Mais les navires plus grands comportent également leur propre ensemble de risques. En 2021, l’Ever Given, long de 1 312 pieds, s’est échoué dans le canal de Suez et y est resté coincé pendant près d’une semaine. Les ports ont dû procéder à des ajustements pour accueillir les navires. tailles augmentées. En 2017, le canal de Panama projet d’agrandissement a été achevé pour « répondre à la demande croissante du commerce maritime utilisant des navires plus grands ». En 2019, le Pont de Bayonne reliant New York et le New Jersey a été surélevé de 64 pieds pour que les navires puissent passer en dessous.
Pendant une conférence de presse cette semaine, le secrétaire américain aux Transports, Pete Buttigieg, a reconnu que certains ponts modernes sont « conçus avec des caractéristiques différentes pour atténuer les impacts et protéger leurs piliers ». Mais il note également qu’il existe une incertitude quant à leur efficacité. « À l’heure actuelle, je pense qu’il y a beaucoup de débats au sein de la communauté des ingénieurs pour savoir si l’une de ces fonctionnalités aurait pu jouer un rôle dans une situation comme celle-ci. »
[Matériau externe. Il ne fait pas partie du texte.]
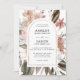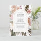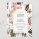 Planeje o seu casamento de sonho com este maravilhoso design de convite floral para casamento rústico de boho aquoso. Ele tem uma paleta de cores neutras em bege, verde, pêssego, e tons de rosa e terracota. Um belo quadro arqueado com sotaque dourado adiciona elegância ao design. A parte de trás do convite tem um adorável padrão floral correspondente com elementos florais espalhados pelo design. Personalize o modelo de texto com os detalhes do casamento.

L’effondrement du Key Bridge amènera probablement certaines villes à réévaluer les mesures de protection mises en place sur leurs ponts. L’année dernière, à New Castle, dans le Delaware, a lancé un projet de 93 millions de dollars pour installer des dauphins entourant les piles du Delaware Memorial Bridge. Alors que la ville a pris l’initiative de renforcer le pont de manière proactive, les agences fédérales pourraient bientôt forcer d’autres villes à faire de même.
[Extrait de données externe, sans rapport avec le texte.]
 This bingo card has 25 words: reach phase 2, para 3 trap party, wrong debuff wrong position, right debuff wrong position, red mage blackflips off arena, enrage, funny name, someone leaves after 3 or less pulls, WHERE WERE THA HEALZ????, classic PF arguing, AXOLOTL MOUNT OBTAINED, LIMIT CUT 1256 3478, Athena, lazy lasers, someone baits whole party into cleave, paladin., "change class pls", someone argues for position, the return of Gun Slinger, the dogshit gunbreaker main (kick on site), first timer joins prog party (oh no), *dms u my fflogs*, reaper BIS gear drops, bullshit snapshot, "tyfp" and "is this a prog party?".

Azizinamini s’attend à ce que le Bureau national de la sécurité des transports examine « très attentivement » les réglementations en vigueur pour voir s’il existe de meilleures façons de protéger les ponts du pays. « La première chose que nous apprenons en tant qu’ingénieur, c’est que la sécurité publique est la priorité numéro un », explique Azizinamini.